* What the task asks
When you reach the line containing "麺が好きなので調べて行ってみ", repeat it and every line after it exactly, stopping only at the end of the listing.

* Input
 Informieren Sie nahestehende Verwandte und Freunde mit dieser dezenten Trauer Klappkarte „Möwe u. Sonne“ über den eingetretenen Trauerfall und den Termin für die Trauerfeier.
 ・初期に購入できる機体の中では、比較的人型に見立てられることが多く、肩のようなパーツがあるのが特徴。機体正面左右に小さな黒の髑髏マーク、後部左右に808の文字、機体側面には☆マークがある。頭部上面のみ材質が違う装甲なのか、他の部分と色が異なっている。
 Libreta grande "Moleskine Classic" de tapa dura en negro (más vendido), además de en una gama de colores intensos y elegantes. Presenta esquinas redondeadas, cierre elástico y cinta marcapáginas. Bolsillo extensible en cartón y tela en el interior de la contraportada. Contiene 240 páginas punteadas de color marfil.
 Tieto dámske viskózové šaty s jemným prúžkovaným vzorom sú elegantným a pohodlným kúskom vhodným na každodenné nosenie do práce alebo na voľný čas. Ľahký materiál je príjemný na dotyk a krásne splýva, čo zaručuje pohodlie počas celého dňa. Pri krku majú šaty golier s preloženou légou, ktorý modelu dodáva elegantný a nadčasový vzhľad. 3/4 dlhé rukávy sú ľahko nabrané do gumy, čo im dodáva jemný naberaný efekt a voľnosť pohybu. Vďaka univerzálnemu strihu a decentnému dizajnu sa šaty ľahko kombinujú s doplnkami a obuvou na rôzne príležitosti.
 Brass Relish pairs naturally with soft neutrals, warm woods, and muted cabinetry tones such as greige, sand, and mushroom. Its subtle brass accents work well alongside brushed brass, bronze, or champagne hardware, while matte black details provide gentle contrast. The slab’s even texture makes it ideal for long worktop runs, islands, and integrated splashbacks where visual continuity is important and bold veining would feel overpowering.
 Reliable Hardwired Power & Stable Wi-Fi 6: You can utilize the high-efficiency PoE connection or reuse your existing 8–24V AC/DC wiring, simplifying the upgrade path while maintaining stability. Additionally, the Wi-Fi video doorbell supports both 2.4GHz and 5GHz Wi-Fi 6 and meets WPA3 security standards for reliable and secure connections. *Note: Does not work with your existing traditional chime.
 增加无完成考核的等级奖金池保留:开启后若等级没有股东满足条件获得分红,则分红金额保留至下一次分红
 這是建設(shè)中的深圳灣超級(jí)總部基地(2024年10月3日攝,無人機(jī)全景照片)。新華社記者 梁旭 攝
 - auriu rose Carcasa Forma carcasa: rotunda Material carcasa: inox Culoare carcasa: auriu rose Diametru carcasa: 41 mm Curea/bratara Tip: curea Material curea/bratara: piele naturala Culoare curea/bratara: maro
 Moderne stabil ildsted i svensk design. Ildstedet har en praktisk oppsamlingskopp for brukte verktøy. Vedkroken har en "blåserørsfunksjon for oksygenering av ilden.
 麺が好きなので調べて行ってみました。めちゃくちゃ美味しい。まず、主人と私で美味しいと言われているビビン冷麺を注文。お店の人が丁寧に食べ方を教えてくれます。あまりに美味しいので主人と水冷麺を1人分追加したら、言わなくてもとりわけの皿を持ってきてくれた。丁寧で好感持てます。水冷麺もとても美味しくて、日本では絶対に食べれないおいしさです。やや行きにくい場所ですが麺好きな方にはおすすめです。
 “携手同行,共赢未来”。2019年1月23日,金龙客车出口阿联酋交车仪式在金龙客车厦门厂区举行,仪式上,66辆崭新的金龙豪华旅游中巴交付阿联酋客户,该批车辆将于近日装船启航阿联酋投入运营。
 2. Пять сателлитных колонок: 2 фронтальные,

* Expected answer
 麺が好きなので調べて行ってみました。めちゃくちゃ美味しい。まず、主人と私で美味しいと言われているビビン冷麺を注文。お店の人が丁寧に食べ方を教えてくれます。あまりに美味しいので主人と水冷麺を1人分追加したら、言わなくてもとりわけの皿を持ってきてくれた。丁寧で好感持てます。水冷麺もとても美味しくて、日本では絶対に食べれないおいしさです。やや行きにくい場所ですが麺好きな方にはおすすめです。
 “携手同行,共赢未来”。2019年1月23日,金龙客车出口阿联酋交车仪式在金龙客车厦门厂区举行,仪式上,66辆崭新的金龙豪华旅游中巴交付阿联酋客户,该批车辆将于近日装船启航阿联酋投入运营。
 2. Пять сателлитных колонок: 2 фронтальные,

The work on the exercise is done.